** Data below follows **
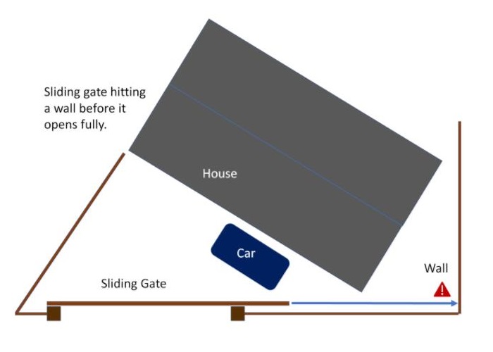 Mỗi cổng xoay đi qua một vòng cung bên trong lối vào cổng. Điều này chứng tỏ họ đi qua phải không có bất kỳ chướng ngại vật nào. Không thể đậu ô tô trong khu vực này và sự hiện diện của các chướng ngại vật bất động như ngôi nhà, bồn hoa, lán, tường hoặc hàng rào ngăn cản việc lắp đặt cổng xoay. Tương tự, nếu đường lái xe lên bên trong cổng, một lúc nào đó cổng xoay sẽ chạm đất. Có những bản lề có thể mở cổng xoay ở một góc để chứa các ổ đĩa tăng lên nhưng những bản lề này lại gây thêm căng thẳng cho động cơ. Ngoài ra, việc gắn các cánh cổng trên bản lề truyền thống để chúng không va vào khu vực xung quanh đòi hỏi một khoảng trống lớn bên dưới cánh cổng đã đóng.
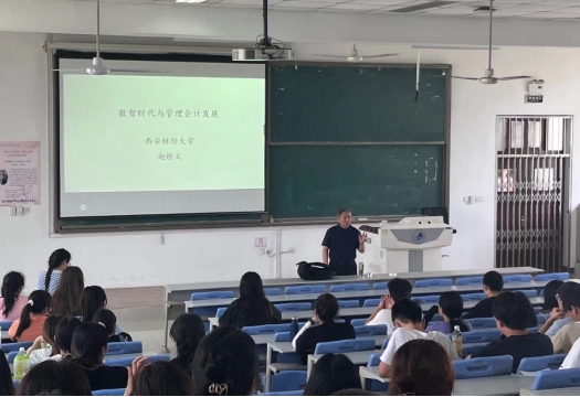 6月1日下午,bat365诚邀西安财经大学商学院赵栓文教授做客“神禾大讲堂”,于博文楼B3多媒体教室开展“数智时代与管理会计发展”专题讲座。经济与管理学院财务管理专业教师及学生参会。
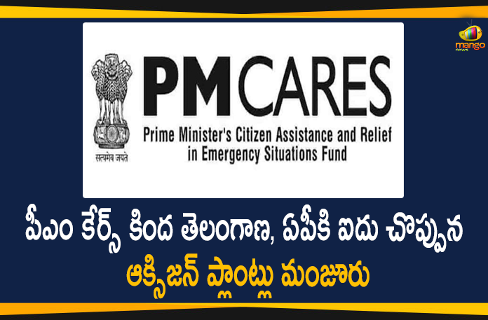 ప్రధానమంత్రి సిటిజన్ అసిస్టెన్స్ అండ్ రిలీఫ్ ఇన్ ఎమర్జెన్సీ సిట్యుయేషన్స్ (పీఎం కేర్స్) ఫండ్స్ ట్రస్ట్ నుంచి దేశవ్యాప్తంగా 32 రాష్ట్రాలు/కేంద్రపాలిత ప్రాంతాల్లో 162 ఆక్సిజన్ జనరేషన్ ప్లాంట్స్ను ఏర్పాటు చేసేందుకు రూ.201.58 కోట్లను కేంద్ర ప్రభుత్వం కేటాయించింది. కేంద్ర ఆరోగ్య, కుటుంబ సంక్షేమశాఖ పరిధిలోని స్వయంప్రతిపత్తి గల సెంట్రల్ మెడికల్ సప్లై స్టోర్ (సిఎమ్ఎస్ఎస్) వీటిని దేశవ్యాప్తంగా ఏర్పాటు చేయనుంది. ఈ 162 ప్లాంట్ల ద్వారా మొత్తం 154.19 మెట్రిక్ టన్నుల సామర్ధ్యంతో కూడిన ఆక్సిజన్ ప్లాంట్స్ ను ఏర్పాటు చేయనున్నారు. ఈ ప్లాంటులు ఏర్పాటు చేసే ప్రభుత్వ ఆసుపత్రులను, సంబంధిత రాష్ట్రాలు/కేంద్రపాలిత ప్రాంతాలను సంప్రదించి నిర్ణయిస్తామని చెప్పారు. అందులో భాగంగా తెలంగాణ రాష్ట్రానికి ఐదు, ఆంధ్రప్రదేశ్ రాష్ట్రానికి ఐదు ఆక్సిజన్ జనరేషన్ ప్లాంట్స్ ను కేటాయించారు. ఉత్తరప్రదేశ్ కు అత్యధికంగా 14, మహారాష్ట్రకు 10 కేటాయించారు.
** End of Data below **
## Exercise details
Please reproduce all the material exactly. Pictures stay out of the copy.

## Result for this exercise
 Mỗi cổng xoay đi qua một vòng cung bên trong lối vào cổng. Điều này chứng tỏ họ đi qua phải không có bất kỳ chướng ngại vật nào. Không thể đậu ô tô trong khu vực này và sự hiện diện của các chướng ngại vật bất động như ngôi nhà, bồn hoa, lán, tường hoặc hàng rào ngăn cản việc lắp đặt cổng xoay. Tương tự, nếu đường lái xe lên bên trong cổng, một lúc nào đó cổng xoay sẽ chạm đất. Có những bản lề có thể mở cổng xoay ở một góc để chứa các ổ đĩa tăng lên nhưng những bản lề này lại gây thêm căng thẳng cho động cơ. Ngoài ra, việc gắn các cánh cổng trên bản lề truyền thống để chúng không va vào khu vực xung quanh đòi hỏi một khoảng trống lớn bên dưới cánh cổng đã đóng.
 6月1日下午,bat365诚邀西安财经大学商学院赵栓文教授做客“神禾大讲堂”,于博文楼B3多媒体教室开展“数智时代与管理会计发展”专题讲座。经济与管理学院财务管理专业教师及学生参会。
 ప్రధానమంత్రి సిటిజన్ అసిస్టెన్స్ అండ్ రిలీఫ్ ఇన్ ఎమర్జెన్సీ సిట్యుయేషన్స్ (పీఎం కేర్స్) ఫండ్స్ ట్రస్ట్ నుంచి దేశవ్యాప్తంగా 32 రాష్ట్రాలు/కేంద్రపాలిత ప్రాంతాల్లో 162 ఆక్సిజన్ జనరేషన్ ప్లాంట్స్ను ఏర్పాటు చేసేందుకు రూ.201.58 కోట్లను కేంద్ర ప్రభుత్వం కేటాయించింది. కేంద్ర ఆరోగ్య, కుటుంబ సంక్షేమశాఖ పరిధిలోని స్వయంప్రతిపత్తి గల సెంట్రల్ మెడికల్ సప్లై స్టోర్ (సిఎమ్ఎస్ఎస్) వీటిని దేశవ్యాప్తంగా ఏర్పాటు చేయనుంది. ఈ 162 ప్లాంట్ల ద్వారా మొత్తం 154.19 మెట్రిక్ టన్నుల సామర్ధ్యంతో కూడిన ఆక్సిజన్ ప్లాంట్స్ ను ఏర్పాటు చేయనున్నారు. ఈ ప్లాంటులు ఏర్పాటు చేసే ప్రభుత్వ ఆసుపత్రులను, సంబంధిత రాష్ట్రాలు/కేంద్రపాలిత ప్రాంతాలను సంప్రదించి నిర్ణయిస్తామని చెప్పారు. అందులో భాగంగా తెలంగాణ రాష్ట్రానికి ఐదు, ఆంధ్రప్రదేశ్ రాష్ట్రానికి ఐదు ఆక్సిజన్ జనరేషన్ ప్లాంట్స్ ను కేటాయించారు. ఉత్తరప్రదేశ్ కు అత్యధికంగా 14, మహారాష్ట్రకు 10 కేటాయించారు.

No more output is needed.